実験的なドライアイは、炎症性サイトカインとMMP-9の産生を刺激し、眼表面のMAPKシグナル伝達経路を活性化します

目的：マウスで実験的に誘導されたドライアイがマイトジェン活性化プロテインキナーゼ（MAPK）シグナル伝達経路、C-Jun N末端キナーゼ（JNK）、細胞外調節キナーゼ（ERK）、およびp38を活性化し、眼表面炎症を刺激するかどうかを評価するために。 方法：6〜8週間の129SVEV/CD-1混合マウスを、全身性スコポラミンで治療し、4時間から10日間までさまざまな長さの長さの空気ドラフトに曝露しました。未処理のマウスをコントロールとして使用しました。涙液洗浄剤および角膜および結膜上皮におけるIL-1BETAおよびTNF-alphaの濃度は、ELISAによって測定されました。涙液中のMMP-9はザイモグラフィによって評価され、角膜と結膜のゼラチナーゼ活性はin situザイモグラフィによって決定されました。角膜および結膜上皮は、MAPK抗体を伴うウエスタンブロットのRIPA緩衝液で溶解したか、総RNAの抽出のために4 Mグアニジウムチオシアン酸溶液で溶解しました。および遺伝子アレイ。 結果：年齢が一致した対照被験者、涙液液中のIL-1BETAおよびMMP-9の濃度、および角膜および結膜上皮におけるIL-1BETAおよびTNF-alphaおよびゼラチノリ溶解活性の濃度と比較して、有意に増加しました。5日または10日後にドライアイを誘発する治療を受けているマウス。角膜および結膜上皮によるIL-1BETA、TNF-alpha、およびMMP-9 mRNAの発現も、5日間または10日間処理したマウスで刺激されました。角膜および結膜上皮におけるリン酸化JNK1/2、ERK1/2、およびp38 MAPKのレベルは、治療後4時間で著しく増加し、5日まで上昇しました。 結論：実験的なドライアイは、IL-1BETA、TNF-alpha、およびMMP-9の発現と産生を刺激し、眼表面のMAPKシグナル伝達経路を活性化します。マップは、炎症性サイトカインとMMPの産生を刺激することが知られており、ドライアイ疾患の病因に関係しているこれらの要因の誘導に重要な役割を果たすことができます。
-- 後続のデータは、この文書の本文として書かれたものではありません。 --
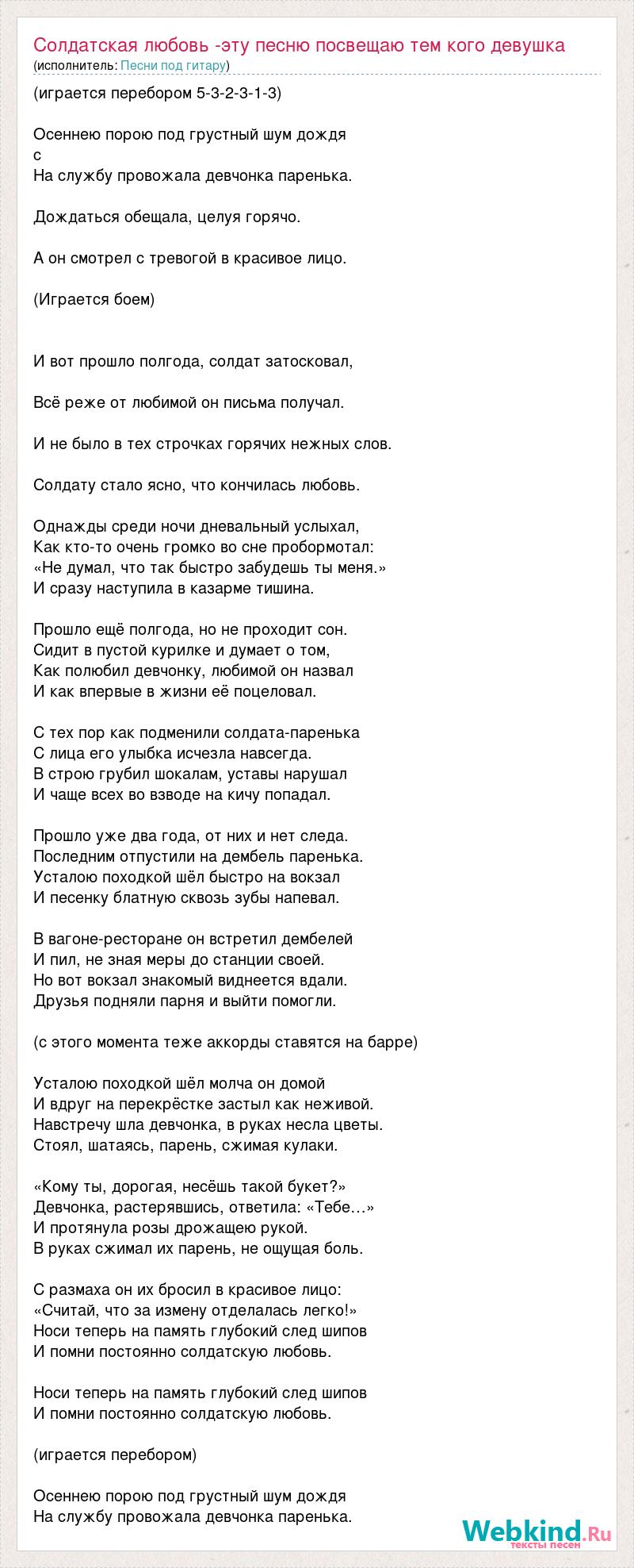 (играется перебором 5-3-2-3-1-3) Осеннею порою под грустный шум дождя c На службу провожала девчонка паренька. Дождаться обещала, целуя горячо. А он смотрел с тревогой в красивое лицо. (Играется боем) И вот прошло полгода, солдат затосковал, Всё реже от любимой он письма получал. И не было в тех строчках горячих нежных слов. Солдату стало ясно, что кончилась любовь. Однажды среди ночи дневальный услыхал, Как кто-то очень громко во сне пробормотал: «Не думал, что так быстро забудешь ты меня.» И сразу наступила в казарме тишина. Прошло ещё полгода, но не проходит сон. Сидит в пустой курилке и думает о том, Как полюбил девчонку, любимой он назвал И как впервые в жизни её поцеловал. С тех пор как подменили солдата-паренька С лица его улыбка исчезла навсегда. В строю грубил шокалам, уставы нарушал И чаще всех во взводе на кичу попадал. Прошло уже два года, от них и нет следа. Последним отпустили на дембель паренька. Усталою походкой шёл быстро на вокзал И песенку блатную сквозь зубы напевал. В вагоне-ресторане он встретил дембелей И пил, не зная меры до станции своей. Но вот вокзал знакомый виднеется вдали. Друзья подняли парня и выйти помогли. (с этого момента теже аккорды ставятся на барре) Усталою походкой шёл молча он домой И вдруг на перекрёстке застыл как неживой. Навстречу шла девчонка, в руках несла цветы. Стоял, шатаясь, парень, сжимая кулаки. «Кому ты, дорогая, несёшь такой букет?» Девчонка, растерявшись, ответила: «Тебе…» И протянула розы дрожащею рукой. В руках сжимал их парень, не ощущая боль. С размаха он их бросил в красивое лицо: «Считай, что за измену отделалась легко!» Носи теперь на память глубокий след шипов И помни постоянно солдатскую любовь. Носи теперь на память глубокий след шипов И помни постоянно солдатскую любовь. (играется перебором) Осеннею порою под грустный шум дождя На службу провожала девчонка паренька.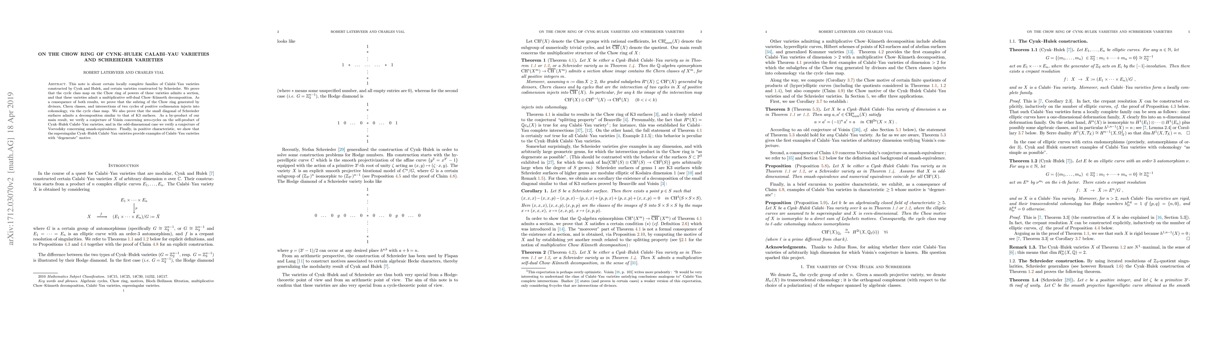 This note is about certain locally complete families of Calabi-Yau varieties constructed by Cynk and Hulek, and certain varieties constructed by Schreieder. We prove that the cycle class map on the Chow ring of powers of these varieties admits a section, and that these varieties admit a multiplicative self-dual Chow-Kuenneth decomposition. As a consequence of both results, we prove that the subring of the Chow ring generated by divisors, Chern classes, and intersections of two cycles of positive codimension injects into cohomology, via the cycle class map. We also prove that the small diagonal of Schreieder surfaces admits a decomposition similar to that of K3 surfaces. As a by-product of our main result, we verify a conjecture of Voisin concerning zero-cycles on the self-product of Cynk-Hulek Calabi-Yau varieties, and in the odd-dimensional case we verify a conjecture of Voevodsky concerning smash-equivalence. Finally, in positive characteristic, we show that the supersingular Cynk-Hulek Calabi-Yau varieties provide examples of Calabi-Yau varieties with "degenerate" motive.
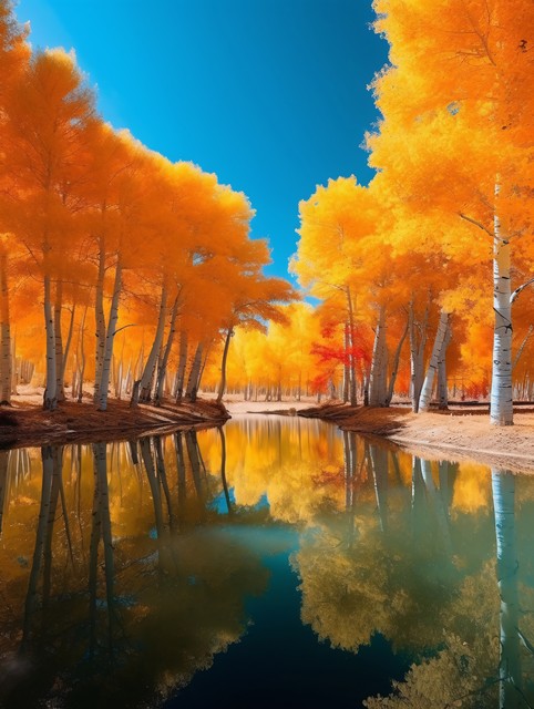 金秋胡杨林黄金色的树林秋天大自然风景,金色树叶翡翠湖泊倒影的优美森林景观背景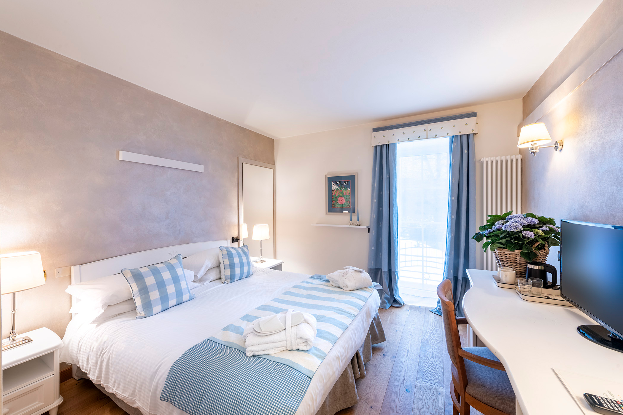 Le camere doppie superior 102 e 103 hanno rispettivamente 22 e 24 mq e possono ospitare una culla, sono appena state rinnovate e hanno il pavimento in rovere e il bagno con doccia e finestra. Le camere hanno un balcone con vista sul campo da golf e un piccolo salottino con due poltroncine.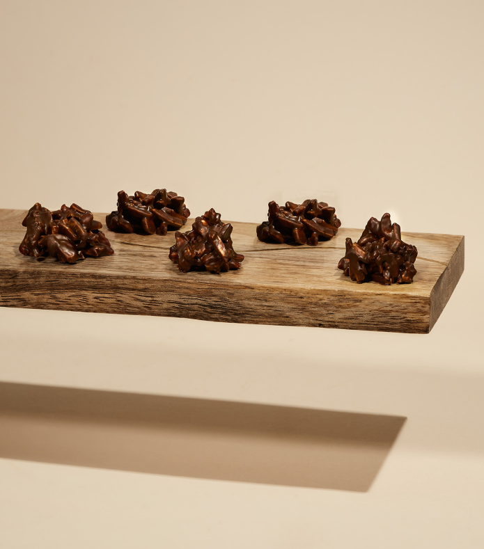 חטיף גולמי, מקלות שקדים קלויים מעורבבים עם שוקולד מריר בנשיכות קטנות ולא סדירות, גם פריכות וגם טעימות.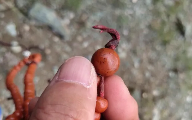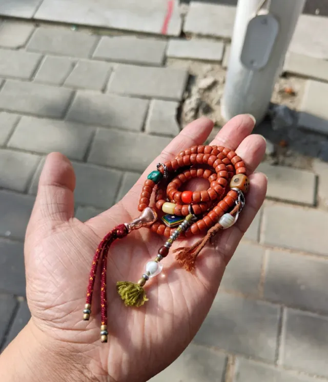 玩友@西北蟑螂,过年去西藏徒步,在半山腰歇脚时,无意中在碎石堆旁捡到一串红色的念珠。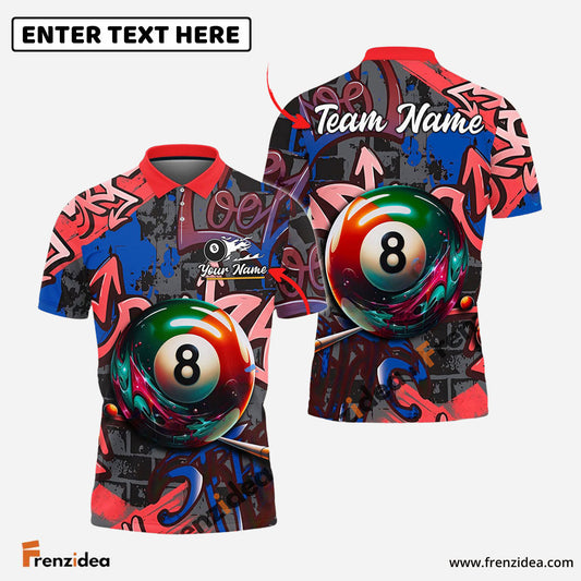 Frenzidea Billiards Ball 8 Graffiti Street Personalized Name, Team Name Unisex Shirt ( 4 Colors )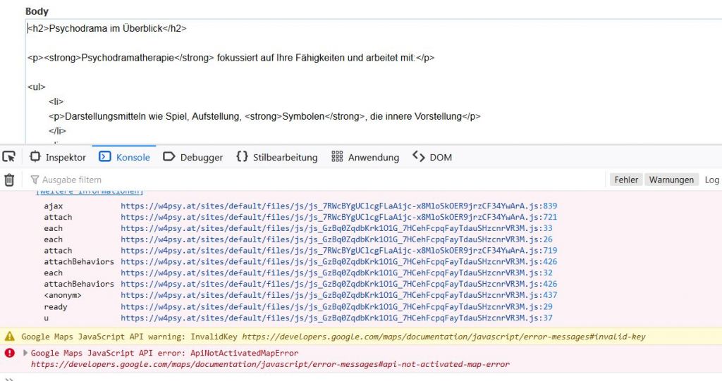 Die Fehlermeldung bezüglich Google Map besagt, dass Du keinen API Key eingetragen hast.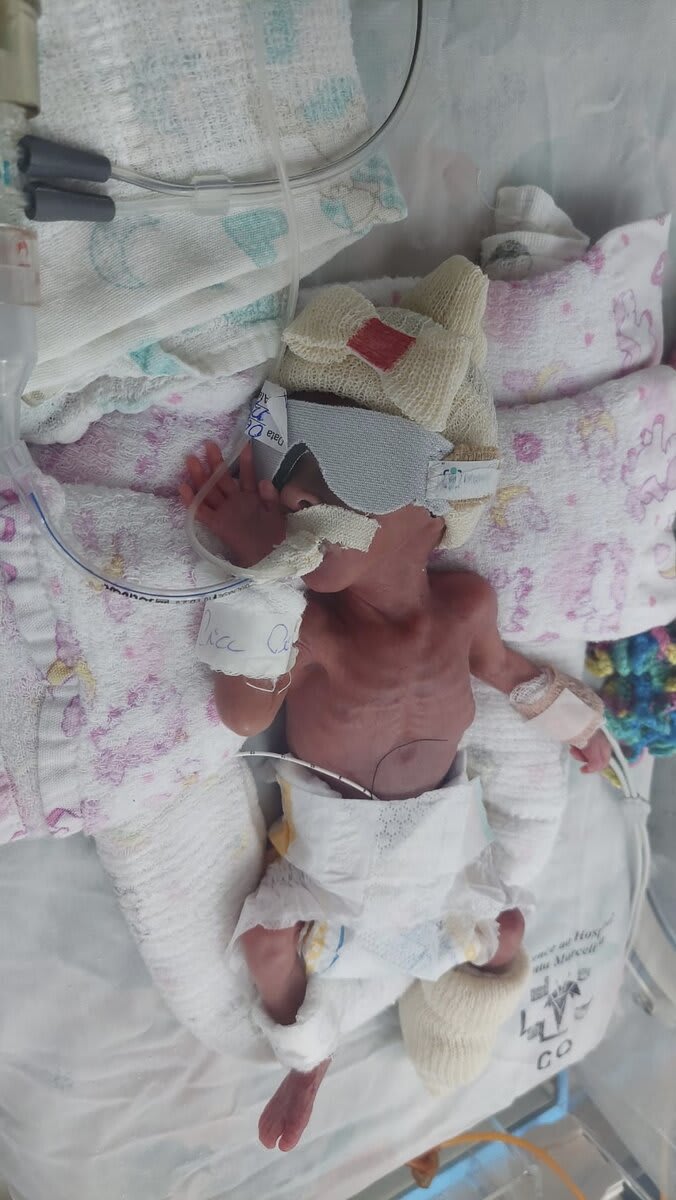 Eu sou a Lara, a promessa de Deus na vida dos meus papais. Nasci no dia 03/01/2023 com 24 semanas, vim ao mundo com 552 gramas, um potinho de manteiga como diz a mamãe hahaha. Eu cabia na palma da mão dos meus papais, tinha 29 centímetros. No meu nascimento os meus titios médicos me deram 1% de chance de vida, mas eles falaram que iriam lutar por mim e o papai do céu abençoou e eles conseguiram, tudo segundo a instrução do meu papai do céu. Eu quase nem tinha pele, ela era bem gelatinosa e quase transparente. Eu passei por alguns momentos difíceis, meu pezinho esquerdo faltou circulação logo na minha primeira semana de vida, ficou todo pretinho e devido à gravidade os médicos falaram que eu tinha uma enorme chance de perder todos os meus dedinhos, mas Deus é bom e meu pezinho e principalmente os meus dedinhos voltaram ao normal. Com 52 dias de vida pesando 830 gramas tive uma Sepse, tipo de infecção generalizada, fiquei muito inchada e todos os meus órgão inclusive meu coraçãozinho pararam, nessas duas vezes fui reanimada e o senhor Jesus me fez voltar para poder contar a vocês um pouquinho do que passei; por algum tempo fiquei tomando muitas drogas. Minha mamãe e meu papai não desistiram de mim, na verdade eles sabiam que eu iria vencer, pois Jesus já tinha falado com eles que era um processo que teríamos que passar, o processo foi doloroso para nós três. No entanto conseguimos e vencemos, fiquei conhecida em todo o hospital onde estava por ser o menor bebezinho daquele lugar e por ter suportado tudo que suportei. Titios, sabe o que o papai do céu falou pra minha mãe? Que promessa d’Ele não tem prazo de validade, só tem data de fabricação… Fiquei entubada três meses (90 dias) no dia da minha extubação todos comemoraram muito pois foi um sucesso, sem intercorrência… fiquei respirando com ajuda do Cpap por uma semana e depois já conseguir ficar em ar ambiente! Uma outra grande vitória foi o dia em que conseguir mamar sozinha, olha que só era uma tentativa que deveria durar 5 minutos e surpreendi a todos e mamei por 40 sem nem ao menos cansar, a minha mamãe ficou muito feliz pois ela sempre sonhou em amamentar. Com 119 dias internada, um dia antes de completar meus 4 meses, tive alta e foi um momento muito inexplicável e de muita emoção pois o grande dia havia chegado! Meu nominho seria somente Lara, porém meus papais precisavam deixar registrado a vitória que tivemos juntos e meu nome passou a ser LARA VITÓRIA!
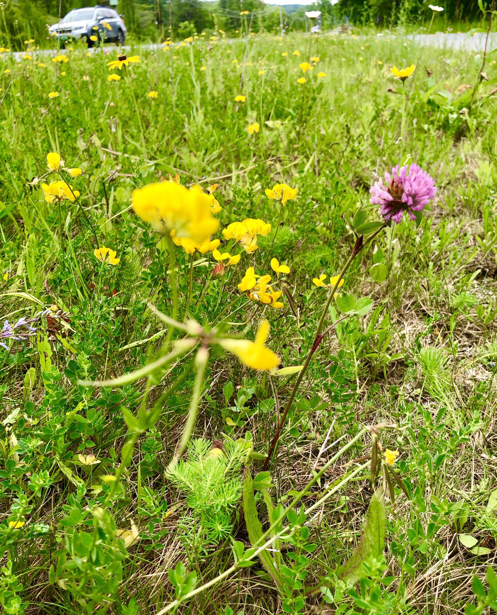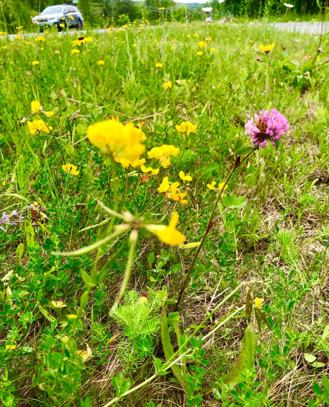 Meanwhile, the boys hang out in the car. I shuffled through the weeds in the fairway as I’ve talked with a customer service rep. She occasionally put me on hold, and I’d glance over to the car to make sure T1 and T2 weren’t killing each other and then at the weeds, each time at a different angle and each time noticing a pink or yellow blossom at the end of the green stalks that made them wildflowers, not weeds. It was a good place to be stuck.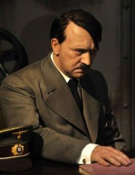 这尊蜡像塑造的是苏联红军兵临城下后希特勒在自杀前的最后时刻。与其他蜡像不同的是,表情垂丧的希特勒坐在一张桌子后面(见图)。蜡像馆的人这样安排,其用意是防止有人与希特勒蜡像合影,或者毁坏蜡像。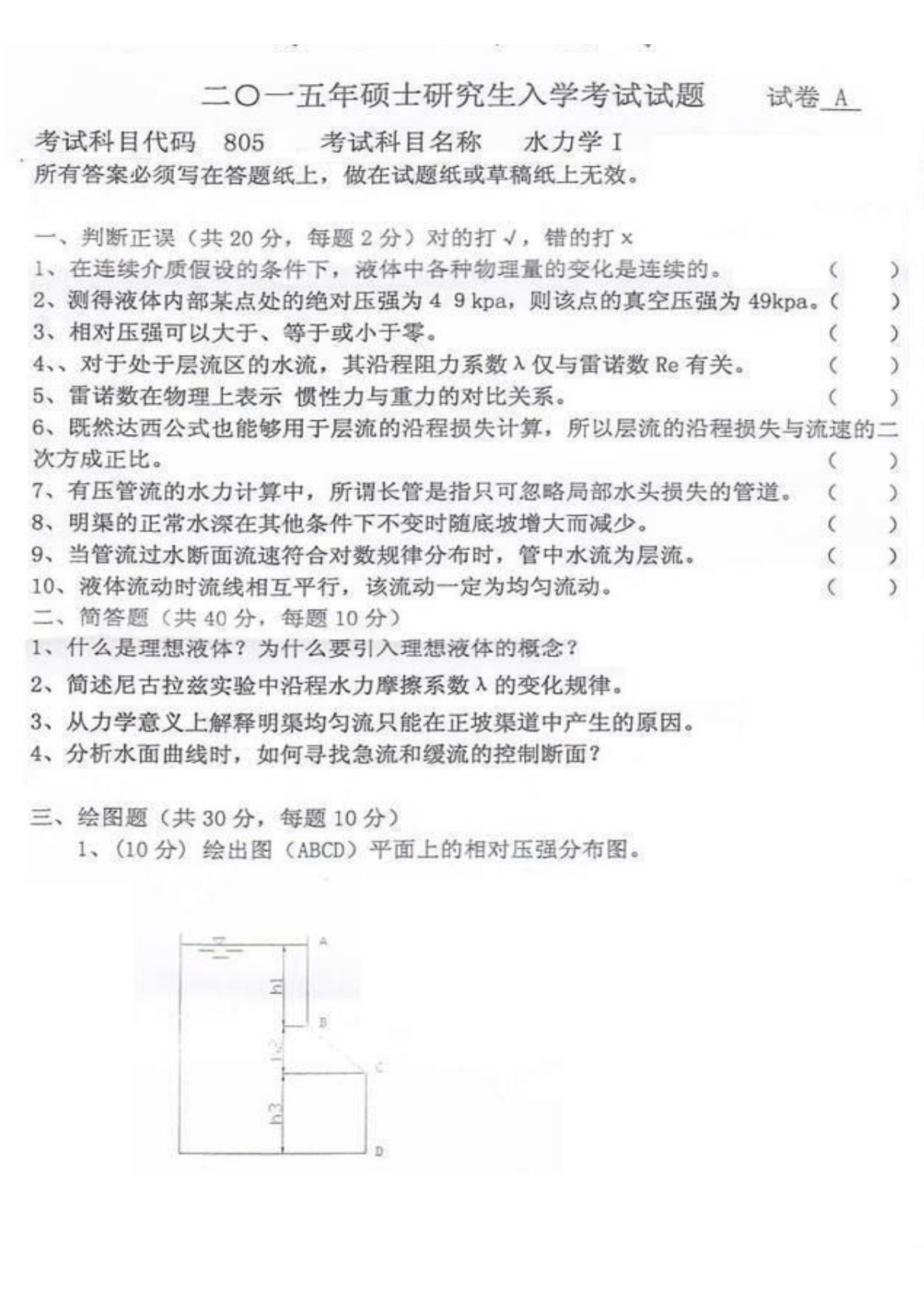 河北工程大学802水力学2015年考试真题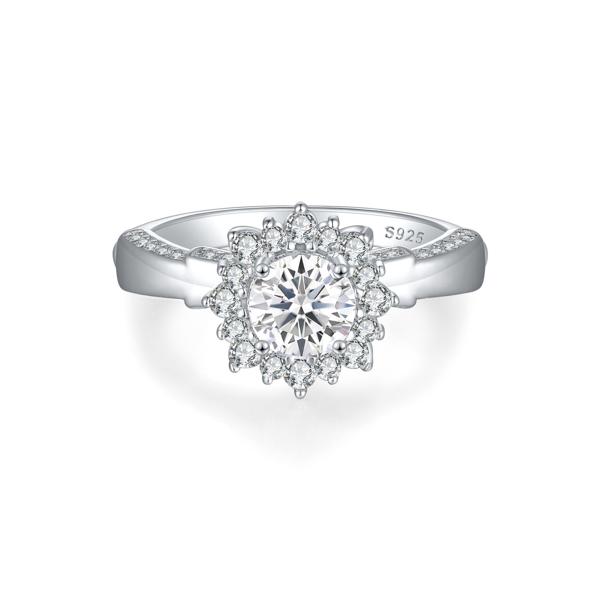 European and American popular personality sunflower sterling silver zircon ring 925 pure silver hand ornament ring wedding ring Silver ring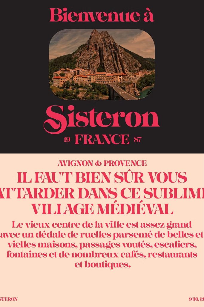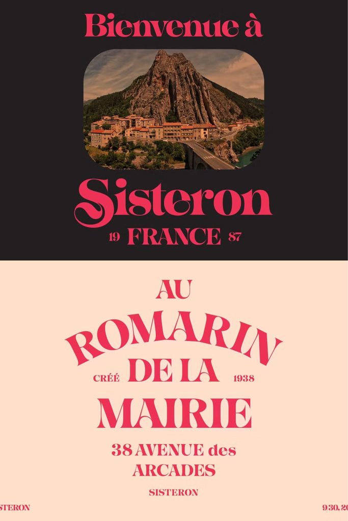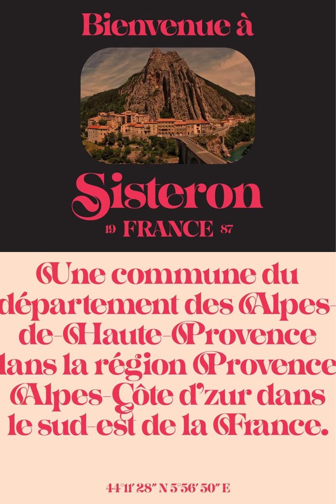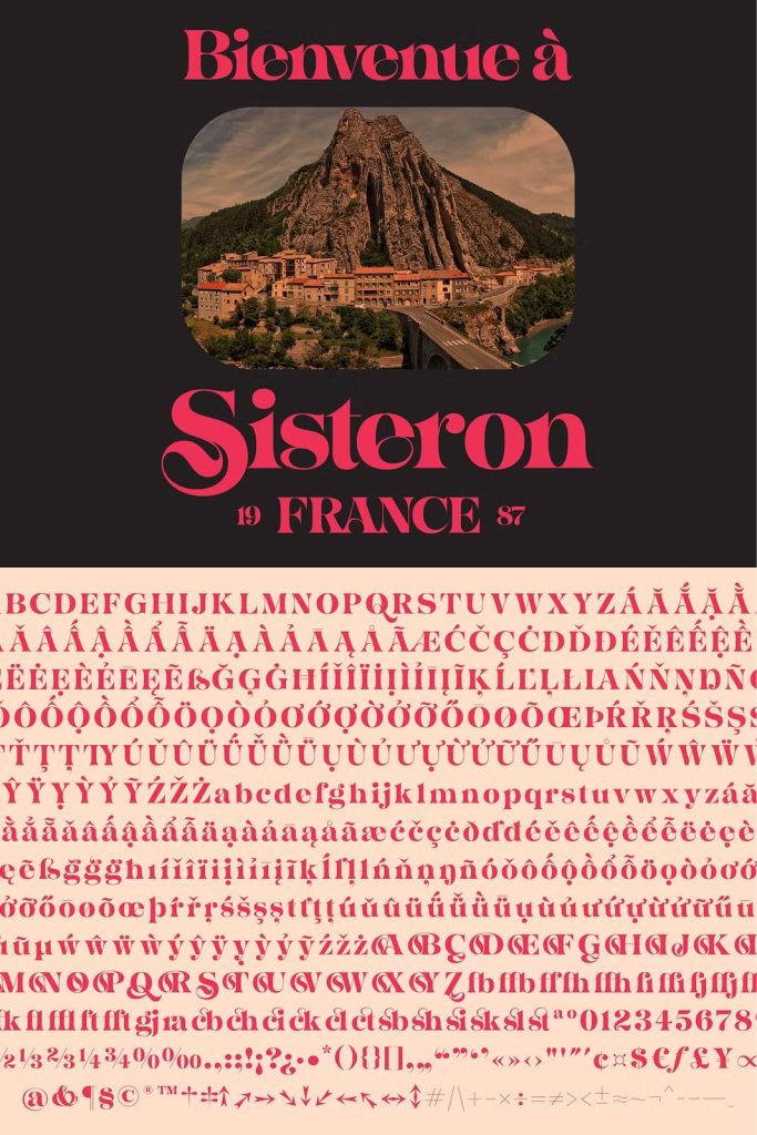 Sisteron is a display font in the Jugendstil style. It has 543 glyphs, including a wide array of alternates, a full set of 26 swash caps, and foreign characters, making it compatible with dozens of foreign languages.

PURPOSE: To evaluate whether experimentally induced dry eye in mice activates mitogen-activated protein kinase (MAPK) signaling pathways, c-Jun N-terminal kinases (JNK), extracellular-regulated kinases (ERK), and p38 and stimulates ocular surface inflammation. METHODS: 129SvEv/CD-1 mixed mice aged 6 to 8 weeks were treated with systemic scopolamine and exposure to an air draft for different lengths of time, from 4 hours to 10 days. Untreated mice were used as the control. The concentrations of IL-1beta and TNF-alpha in tear fluid washings and in corneal and conjunctival epithelia were measured by ELISA. MMP-9 in tear washings was evaluated by zymography, and gelatinase activity in the cornea and conjunctiva was determined by in situ zymography. Corneal and conjunctival epithelia were lysed in RIPA buffer for Western blot with MAPK antibodies, or they were lysed in 4 M guanidium thiocyanate solution for extraction of total RNA, which was used to determine gene expression by semiquantitative RT-PCR, real-time PCR, and gene array. RESULTS: Compared with those in age-matched control subjects, the concentrations of IL-1beta and MMP-9 in tear fluid washings and the concentrations of IL-1beta and TNF-alpha and gelatinolytic activity in the corneal and conjunctival epithelia were significantly increased in mice receiving treatments to induce dry eye after 5 or 10 days. The expression of IL-1beta, TNF-alpha, and MMP-9 mRNA by the corneal and conjunctival epithelia was also stimulated in mice treated for 5 or 10 days. The levels of phosphorylated JNK1/2, ERK1/2, and p38 MAPKs in the corneal and conjunctival epithelia were markedly increased as early as 4 hours after treatment, and they remained elevated up to 5 days. CONCLUSIONS: Experimental dry eye stimulates expression and production of IL-1beta, TNF-alpha, and MMP-9 and activates MAPK signaling pathways on the ocular surface. MAPKs are known to stimulate the production of inflammatory cytokines and MMPs, and they could play an important role in the induction of these factors that have been implicated in the pathogenesis of dry eye disease.